I wonder whether we might be better buying the property as a holiday home until we are old enough to retire to it, I read somewhere that you have to register after 90 days, but what if you come out for up to 3 months then go back to the UK for a while then back etc. I'd love to come out permanently but can see I may have to work in the UK for a few months each year to start with, but would be happy even to just get away for the winters!


----------



## snikpoh (Nov 19, 2007)

Mashauk said:


> I'm guessing it does, since it had a "Jacuzzi" bath Joking apart I've seen a lot of the country houses with only solar energy for electricity and well water, they reckon you don't have to pay electricity bills or water rates but I wonder how efficient it is, some ads say you can get connected to the mains. Does anyone have experience of living in a house off grid like this? The price is on there, it's probably the way I posted the link, it's on for €110,000. The website it's on is a bit strange to look at, but I've looked at a few that are laid out in an "unusual" way, different to some of the ones here.
> 
> I guess with buying in Spain (or anywhere really) one has to engage a rather good solicitor to check out all the land and legal stuff, it does seem that that's a bit easier in the UK in terms of legalities?
> 
> ...


That's good because there are none to be had.

Gardeners here are paid 3 euros an hour and are generally 'migrant workers' (Romanian, Bulgarian, Moroccon) - at least they are around here. With income that low, you can be sure that it's all illegal and not declared.

I've been told that living off-grid is fine but you have to live differently. Unless you have a massive array of panels, you don't generate a lot of power. Consequently, you have to plan when to turn on the washing machine or the kettle so that it doesn't blow the circuit. Many people I know who are using solar power also have generators to supplement their system.

I would suggest renting in your situation.

Three month stints in Spain is fine but just remember that you can NOT be in Spain for more than 6 months in any calendar year unless you want to pay tax here.


----------



## Lolito (Aug 25, 2012)

I have friends that live with solar panels and 'bomba' water system and they are quite happy, all the water in the world for free, to water the garden, fill in the pool as many times as you want, etc. They drink bottled water. They do have a pump. 

Solar panels are good too according to them.


----------



## jojo (Sep 20, 2007)

I have a friend who finds there isn't enough power, especially if her son spends any length of time on his pc, Xbox etc. 

Jo xxx


----------



## Mashauk (Jan 24, 2014)

I know there are no benefits, especially if you've not paid into the system, which they should adopt in the UK as it's crazy here. I definitely want to buy once I've got everything sorted out, right area, work, etc. as can't afford to rent indefinitely. I'll probably get one with mains electric and water then as it sounds more efficient. Nice idea though. I suspect you can have a combination of both, maybe hot water running from solar and mains for everything else.
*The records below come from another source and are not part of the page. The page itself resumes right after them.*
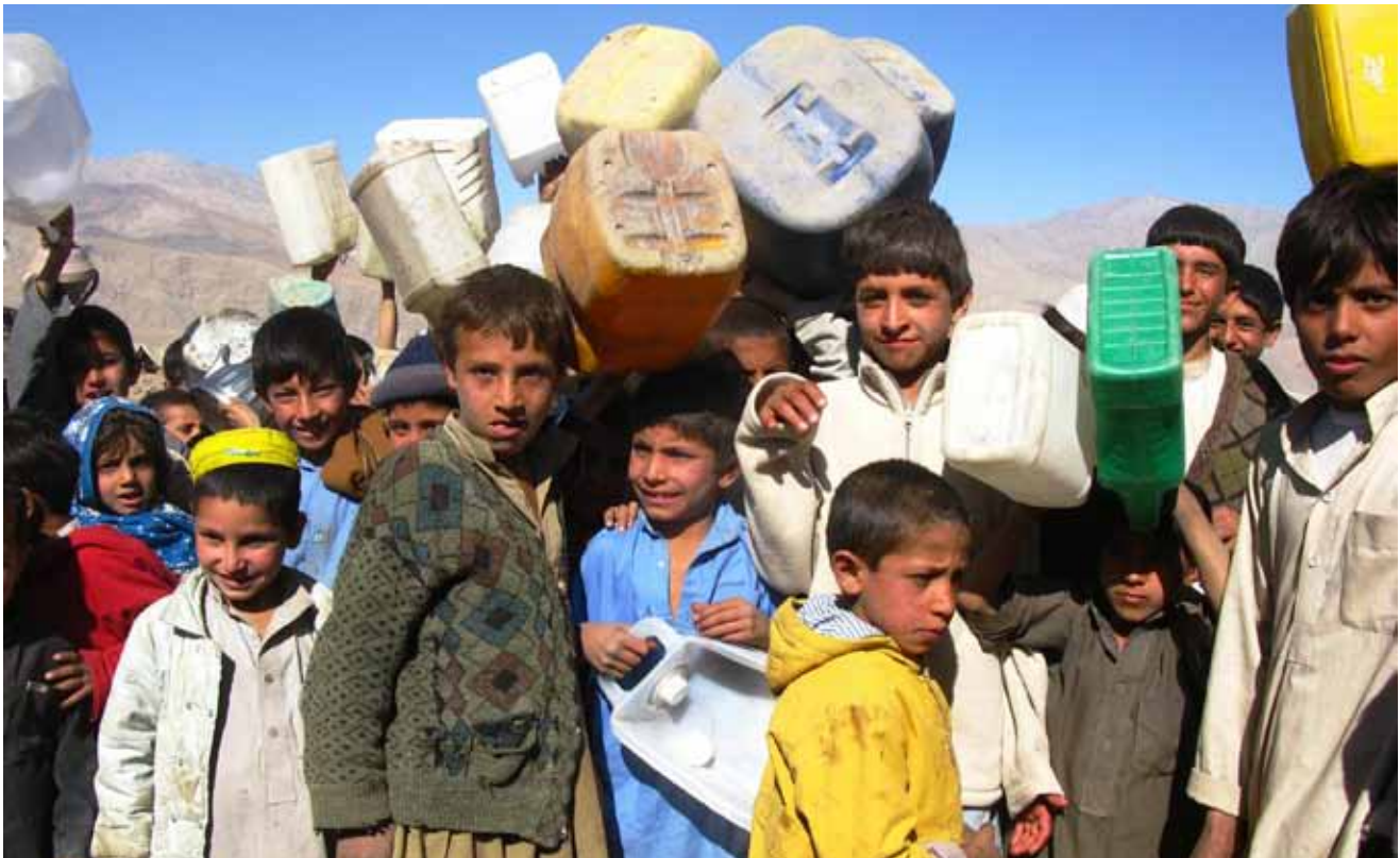
IDP children in the east of Afghanistan.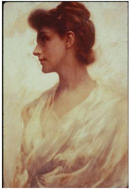
Title: Pensive Date: 1888 Primary Maker: Reginald Barber Medium: gouache on paper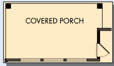
OPTIONAL EXTENDED COVERED PORCH

2,484 - 2,518 sq. ft. • 4 Bedrooms • 2 Full Baths • 1 Half Bath • 2 Car Garage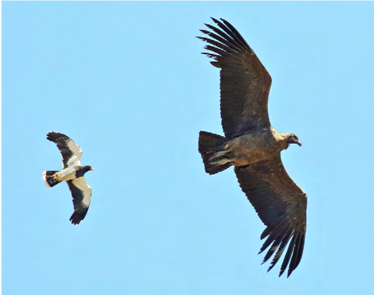
A Mountain Caracara chases a much larger Andean Condor, giving a good idea of just how huge the condor is!

Patagonia and Torres del Paine National Park —Punta Arenas, at 53° S latitude, is in the heart of Patagonian sheep ranching—and now oil-producing—country. Vast expanses of grassy steppe have been badly overgrazed by sheep and cattle, but where good grassland persists, the lowland form of the Lesser Rhea, Rhea pennata pennata , locally known as Ñandú, is still to be found in small parties on the open range. Here, too, are grazing flocks of Upland and Ashy-headed geese and occasionally overhead, scavenging Chilean Skuas, which patrol the grasslands and waterways almost everywhere in the Strait of Magellan area. Near the rocky shoreline are additional species, including Magellanic Penguin, Flying (and hopefully a Flightless or two!) Steamer-Duck, Magellanic Oystercatcher, and the striking Dolphin Gull.

So much to think about and consider, thanks all for the really useful advice, I won't be rushing into anything!


----------



## snikpoh (Nov 19, 2007)

Mashauk said:


> I know there are no benefits, especially if you've not paid into the system, which they should adopt in the UK as it's crazy here. I definitely want to buy once I've got everything sorted out, right area, work, etc. as can't afford to rent indefinitely. I'll probably get one with mains electric and water then as it sounds more efficient. Nice idea though. I suspect you can have a combination of both, maybe hot water running from solar and mains for everything else. So much to think about and consider, thanks all for the really useful advice, I won't be rushing into anything!


Good plan, I hope it works out for you.

By-the-way, even if you have paid into the system in Spain, the benefits are minimal. There's no concept of job seekers (as far as I know) and unemployment doesn't last for long. 
Youngsters leaving school/university are expected to fend for themselves straight away as they get zero financial help!


----------



## thrax (Nov 13, 2008)

There are new laws (not yet passed as far as I know) which are aimed at making people who use solar energy pay a tax for the purpose. It is hugely unpopular but perhaps you should keep it in mind.


----------



## Mashauk (Jan 24, 2014)

Thanks, I haven't signed on for about 20 years and I hope never to have to again! It's more my partner I worry about with him being a self-employed decorator in the UK. He'll do whatever he needs to (legally) to make a living but I suspect it's not that simple any more so maybe when we come out and rent he can check things out and if it doesn't work out, well I hope to at least spend the winters there, my bones need it ha ha. He can retire in 5 years, I've got another 12 sadly.


----------



## Mashauk (Jan 24, 2014)

I'd heard about that, heaven forbid people should get free electricity eh!


----------



## Mashauk (Jan 24, 2014)

Wondering if it's worth doing a TEFL course or similar?


----------